▸ Goal of the exercise:
For the entries below, repeat exactly each line starting with the one that contains "BOLIVIAN MINERS MARCH WITH DYNAMITE" and going on through the one that contains "Young workers, militants", and no others.

▸ Given records:
──────

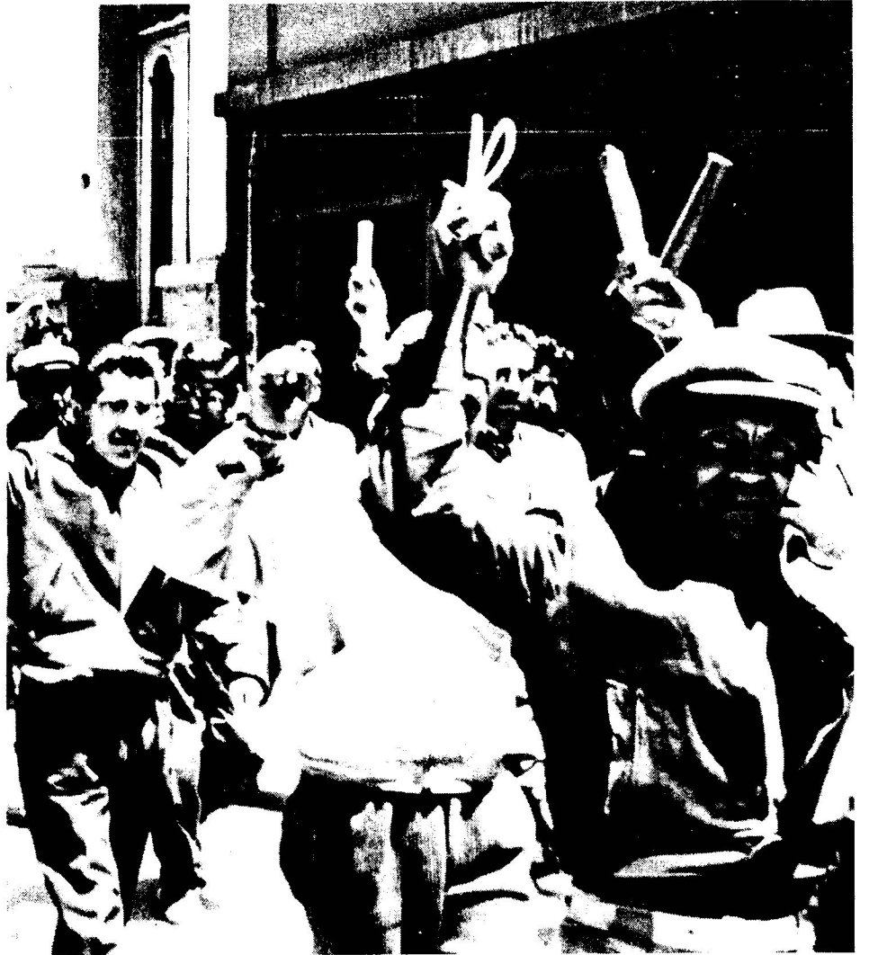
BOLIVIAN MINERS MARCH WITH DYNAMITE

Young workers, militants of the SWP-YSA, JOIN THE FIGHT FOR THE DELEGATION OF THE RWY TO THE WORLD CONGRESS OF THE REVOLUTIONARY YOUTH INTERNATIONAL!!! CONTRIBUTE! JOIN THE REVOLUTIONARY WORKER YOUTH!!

──────

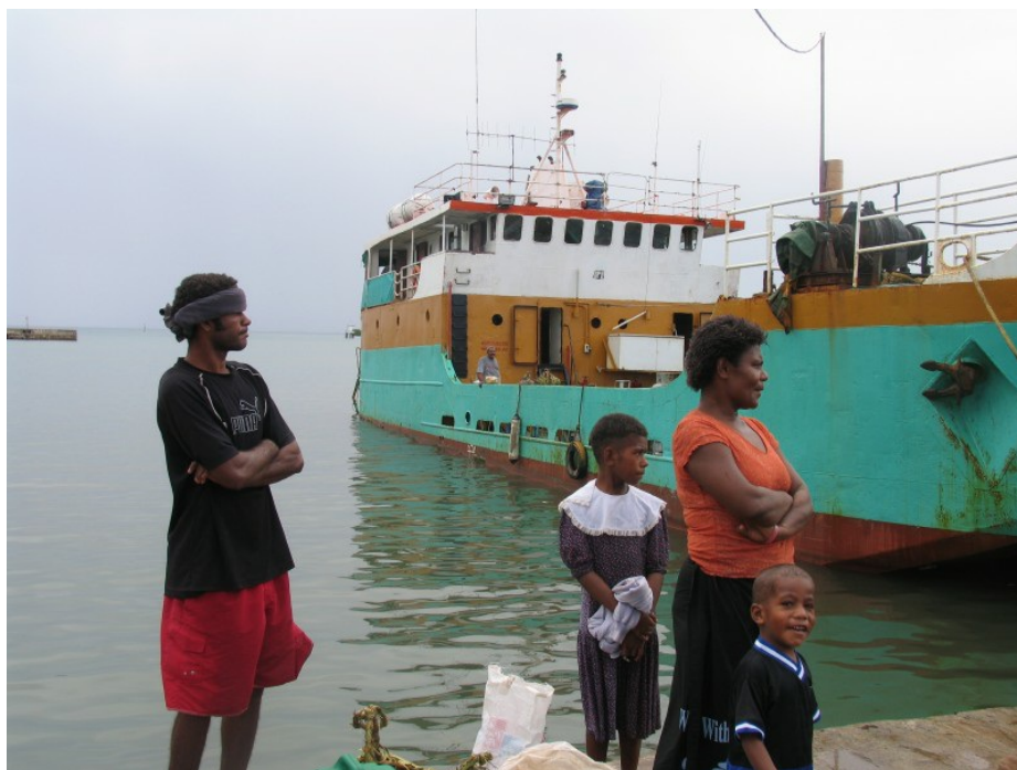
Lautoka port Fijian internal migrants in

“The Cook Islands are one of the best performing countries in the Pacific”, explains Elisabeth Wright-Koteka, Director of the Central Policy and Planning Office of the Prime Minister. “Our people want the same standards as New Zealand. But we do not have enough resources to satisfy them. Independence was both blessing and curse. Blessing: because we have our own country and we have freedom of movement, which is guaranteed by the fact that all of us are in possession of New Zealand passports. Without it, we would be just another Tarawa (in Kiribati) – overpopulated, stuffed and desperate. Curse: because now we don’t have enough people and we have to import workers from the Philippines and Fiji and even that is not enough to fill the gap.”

──────

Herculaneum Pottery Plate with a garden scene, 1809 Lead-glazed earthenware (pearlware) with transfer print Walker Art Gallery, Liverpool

──────

▸ Result of this task:
BOLIVIAN MINERS MARCH WITH DYNAMITE

Young workers, militants of the SWP-YSA, JOIN THE FIGHT FOR THE DELEGATION OF THE RWY TO THE WORLD CONGRESS OF THE REVOLUTIONARY YOUTH INTERNATIONAL!!! CONTRIBUTE! JOIN THE REVOLUTIONARY WORKER YOUTH!!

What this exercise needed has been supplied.